Happy Fourth to you and yours Brenda from Brooklyn.
Bren
I love those exploring the house dreams. And yes, the house is the self, or a possible self. My favorite was a recurring dream which spanned many years. At first, I only saw the house from the outside, pulling up the driveway in a dark, cool car. In later dreams I got out of the car, then later walked up the front steps (yes, it was a mansion, even from the outside), walked inside. Over the years, I walked into rooms on the left, then the right, then went up the stairs, and so on. Eventually, I just stopped dreaming that dream.
I awake to discover that the open windows in our temporary home face Atlantic Avenue & constant, 24 hour traffic. In reality my new home does not suffer from traffic exposure. Barking dog and ambient music, yes, but no traffic.

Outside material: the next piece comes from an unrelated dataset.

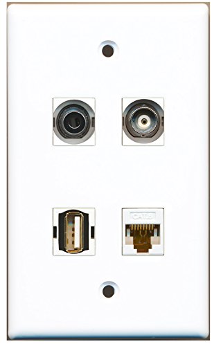 RiteAV - 1 Port USB A-A 1 Port 3.5mm 1 Port BNC 1 Port Cat6 Ethernet White Wall Plate
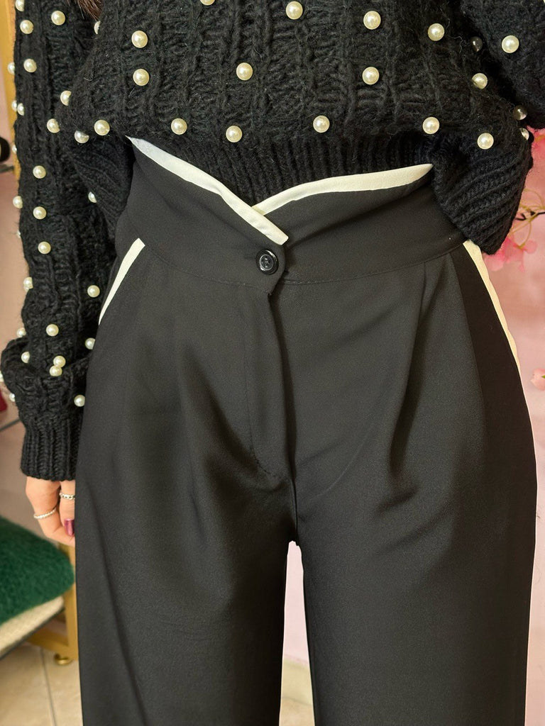 Pantalone palazzo a vita alta con profili chiari in vita e sulle tasche a filetto

No, you're not the only one who has 'em...although it was an odd sensation to realize that I had, in fact, had 'em. Not until I read through your dreams did I recall MY dreams, creeping myself out somewhat. I too have dreamed of discovering vast new rooms in our house, and of vast new attics crammed with stuff. In some of the dreams I am delighted with the prospoect of rifling through all this new "other peoples' stuff", in other dreams I am quite horrified by the filthy array of junk that I have to sort through and dispose of. I've dreamt of being lost in the sheer unknowable size of our house (nothing mysterious about that one!), about calling out for my husband and racing from room to room endlessly never reaching him (but, on the plus side, running through quite a nice possibly Federal house to do it). To sum up: hmmm, mixed feelings about our house and our abilities to complete our (ha, ha) 10 year plan of renovations. Pausing to reproduce in our mid-forties has ham-strung our drive to complete projects, but not, strangely, to start them.
Rennie
(The bank allows us to live in - and work in - a 125-odd year old Victorian on what was once the outskirts of a small farming town, but now is a teeming metropolis of condo bungalows, and much higher taxes.)
P.S.: More cat bloggin' Fridays, please! I adore kitten pictures.